The Oxfordshire Clinical Commissioning Group launched the first phase of its consultation on the future of Oxfordshire Health and Care Services on January 16th 2017. The county council is a consultee in the process. This report provides an assessment by the Council Leadership Team on the potential impact the proposals may have on council services and on the public and proposes an approach for how Cabinet may wish to respond to the consultation and present its views to full Council in March.
A copy of the Consultation
document can be found on the CCG web site: The Oxfordshire Big Health & Care
Consultation: Phase 1 - Consultation Document
Further associated documents are also available on the CCG site.
Minutes:
The Oxfordshire Clinical Commissioning Group had launched the first phase of its consultation on the future of Oxfordshire Health and Care Services on January 16th 2017. The County Council was a consultee in the process. Cabinet had before them a report providing an assessment by the Council Leadership Team on the potential impact the proposals may have on Council services and on the public and proposing an approach for how Cabinet may wish to respond to the consultation and present its views to full Council in March.
Dr Ken Williamson, Chair of Oxfordshire Keep Our NHS Public addressed the Cabinet in support of the Council Leadership Team report and its recommendations, He agreed the consultation was flawed, in that it had only given a partial picture of how services could look in the future; that the consultation document was incoherent, lacked cohesion and failed to acknowledge the domino effect of closures at the Horton and acute beds at the JR.

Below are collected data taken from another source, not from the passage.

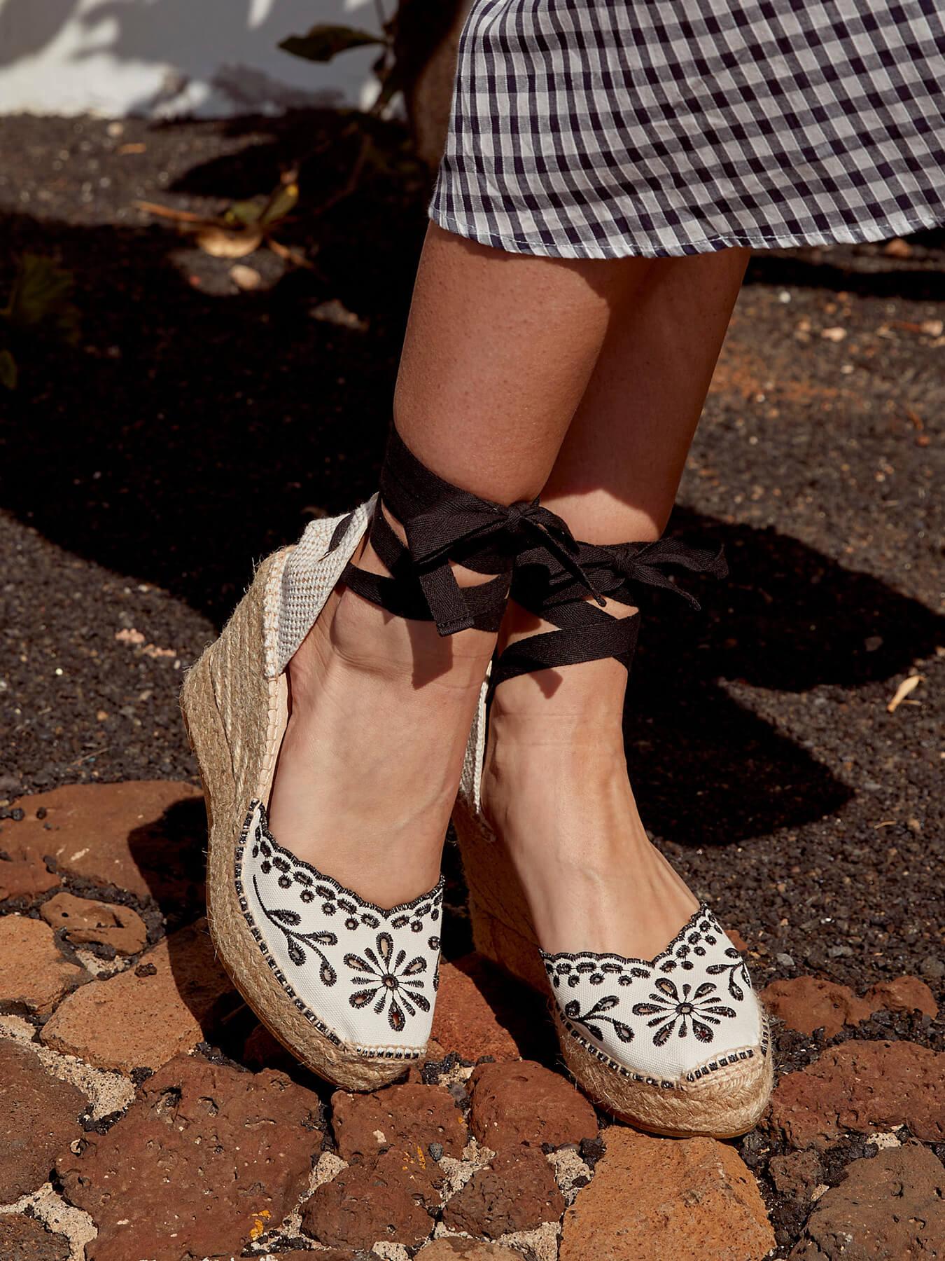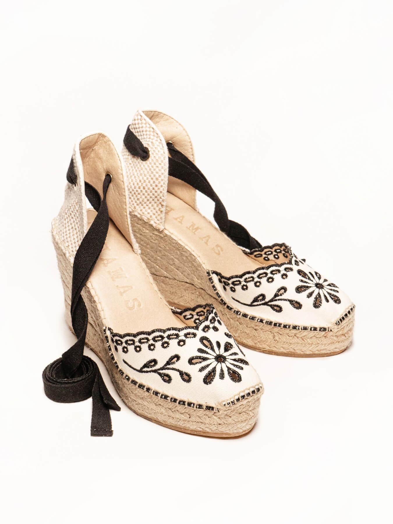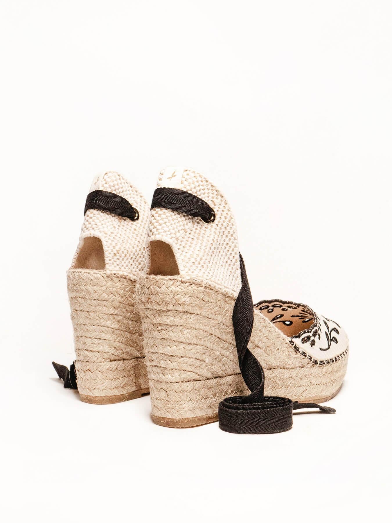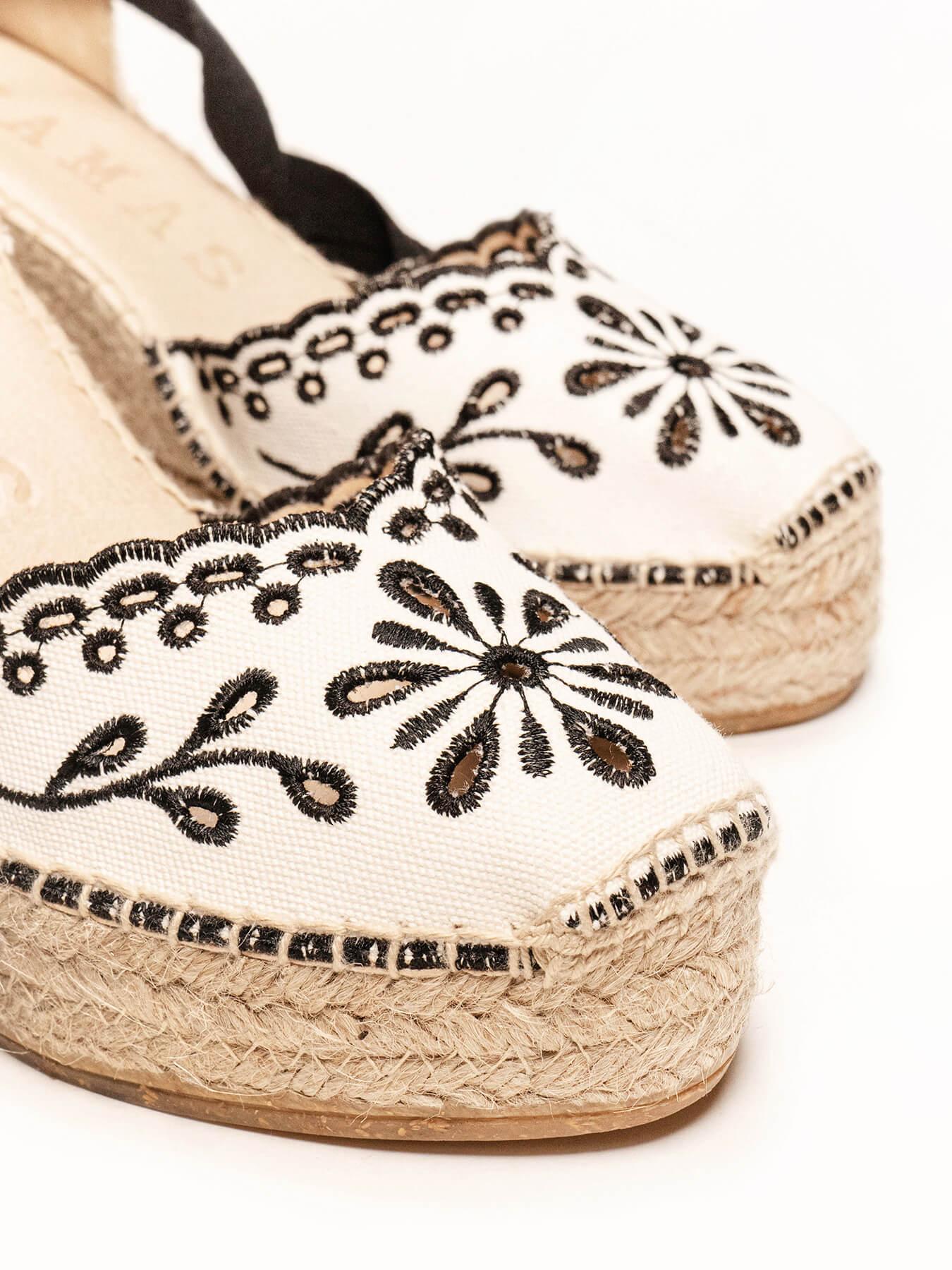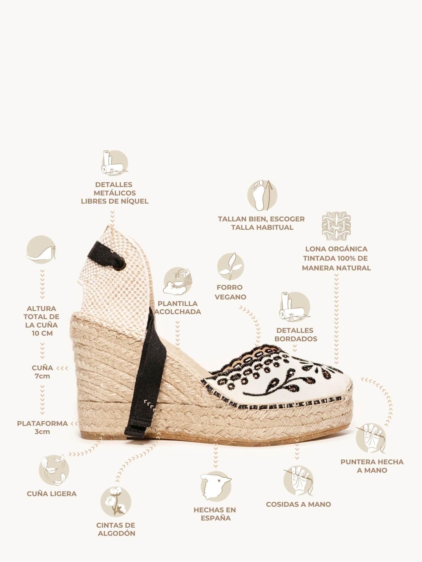 - O tecido bordado da sandália anabela Romero é de algodão orgânico tingido com corantes 100% naturais.
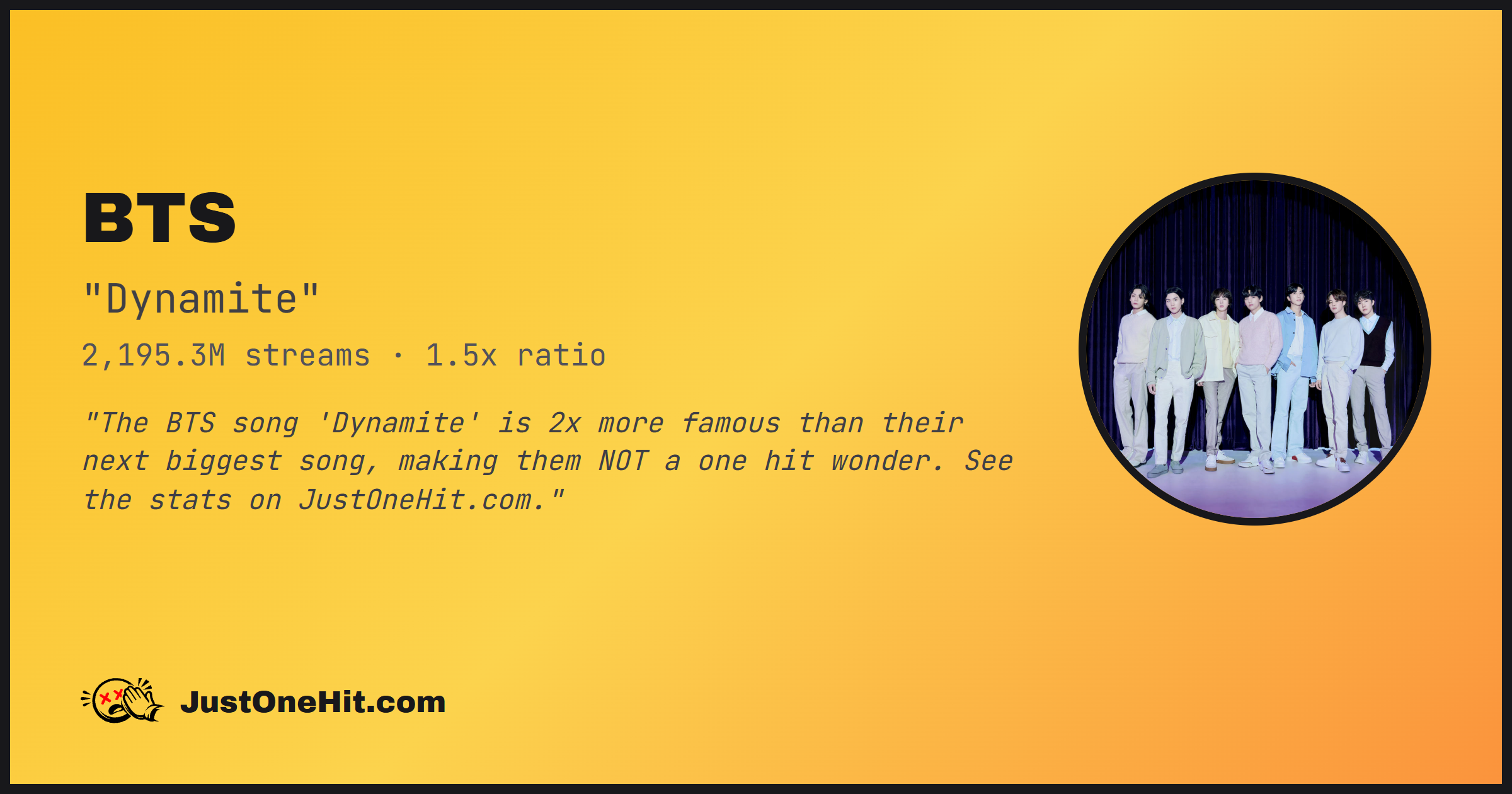 "The BTS song 'Dynamite' is 2x more famous than their next biggest song, making them NOT a one hit wonder. See the stats on JustOneHit.com."
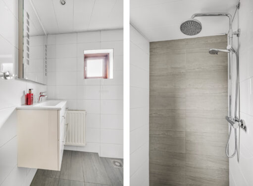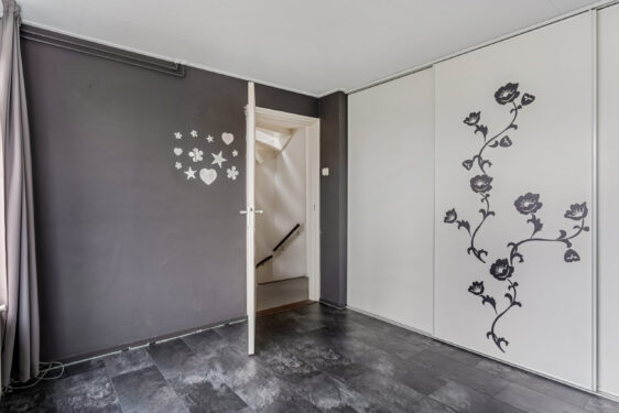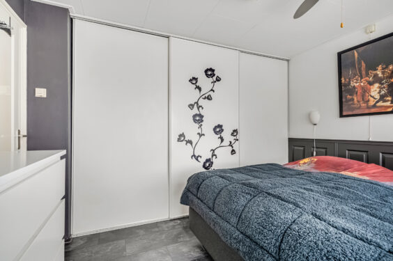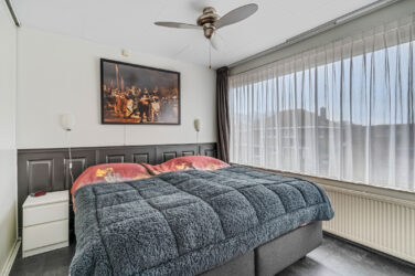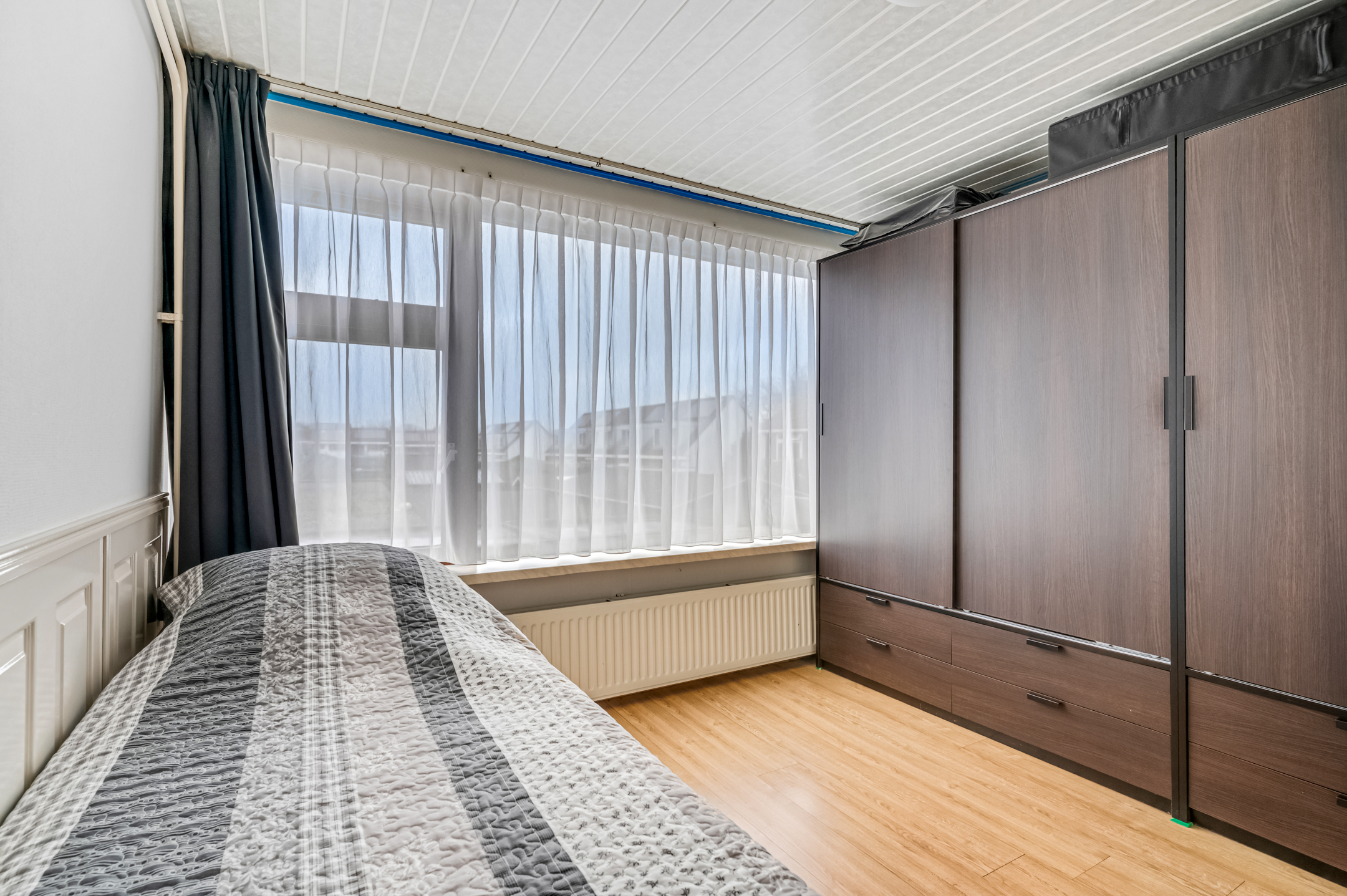 1e verdieping: overloop met trapopgang naar de 2e verdieping en separate toiletruimte. Op deze verdieping zijn 3 slaapkamers aanwezig. De ouderslaapkamer ligt aan de voorzijde en heeft een elektrisch bedienbaar rolluik met kast voorzien van schuifdeuren. De overige 2 slaapkamers bevinden zich aan de achterzijde van de woning. De badkamer is voorzien van een inloopdouche (met thermostaatkraan), wastafelmeubel met spiegel en een raam.
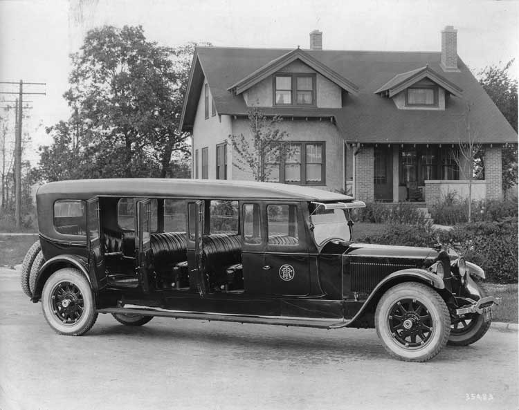 1920-1923 Packard special 5-door commuter bus parked on residential street
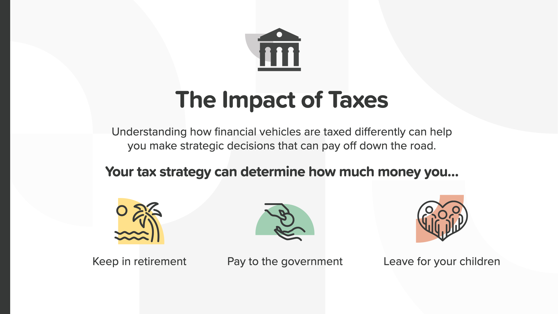 And last, the impact of taxes—the 800 pound gorilla of wealth building threats. Nobody likes paying taxes—especially when you’re preparing for retirement. The tax strategy you put in place today can determine how much money you keep, how much you pay the government, and ultimately how much you leave for your kids. Understanding how financial vehicles are taxed differently can help you make strategic decisions that can pay off big time down the road.
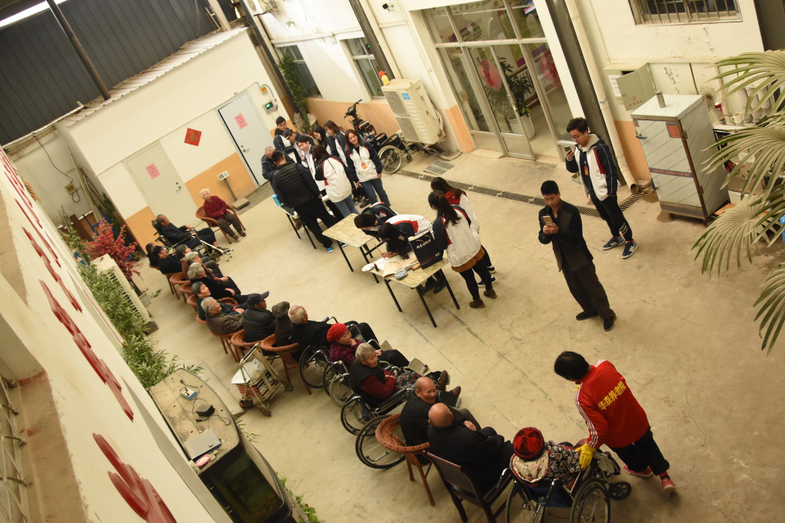 开始由社团联合部的同学带来精彩的开场白,并与老人们进行互动,主要让老人们感受到我们的热情,陪他们聊天说笑,也希望老人们身体健康笑口常开。
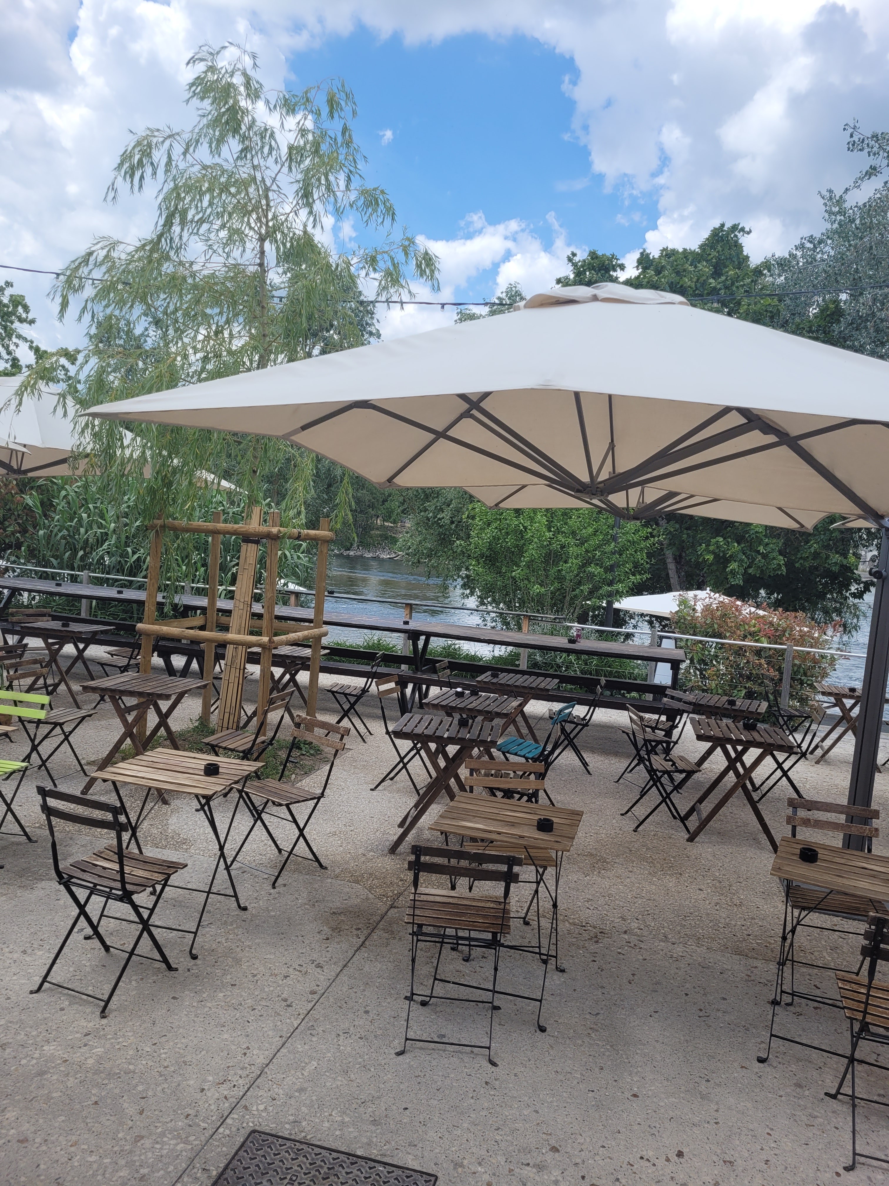Lieux très agréable en bord de Loire qui permet de prendre un verre tout en profitant d un cadre bucolique en pleine ville! Le service au bar était un peu lent mais cela vaut le coup! Je recommande vivement de vous y rendre pour profiter au mieux de la chaleur et du soleil !!

Keep Our NHS Public believed that
the Consultation had also relied on major assumptions, especially about the
workforce; that the decisions were premature; closing beds
without viable alternatives in community or home-based settings puts cost cutting
way ahead of providing a service to the people of Oxfordshire, particularly the
Frail Elderly; that Published plans cannot be workable or sustainable
with current chronic underfunding of the local health economy. They believed
the Bucks, Oxfordshire and West Berks Sustainability and Transformation Plan
(BOB STP) was about making ‘savings’ not about investing in Health & Social
Care services. Its appendices on finance, workforce, activities and service and
risk assessments had not been published.
The HOSC’s
referral of the de facto down grade of Maternity at the Horton to the Secretary
of State was applauded as it flagged the down grade of the whole hospital and
was sufficient reason to halt phase 1 of the consultation.
A study based on
ONS figures showed that year on year increases in the numbers of surviving
over-80s had already reversed in the year to July 2015, with a loss of just
under 40,000 elderly in England and Wales, continuing the trend since the start
of austerity in 2010. He asked whether the Council could allow this to
accelerate and whether the Council would increase council tax to partially
address the Social care crisis in the face of central government’s refusal to
do so from general taxation.
He urged the Cabinet to endorse the Leadership
Team’s report.
Councillor Hibbert-Biles in moving the report endorsed the comments made above and commented that the consultation only presented a partial picture and that it was impossible to separate the impact of phase 1 on phase 2 and vice versa. She expressed grave concern around the comments in relation to the future of midwifery-led obstetric care in the north of the County and in particular the potential loss of those services in Banbury and Chipping Norton and generally about the way the information on maternity services was presented in the consultation.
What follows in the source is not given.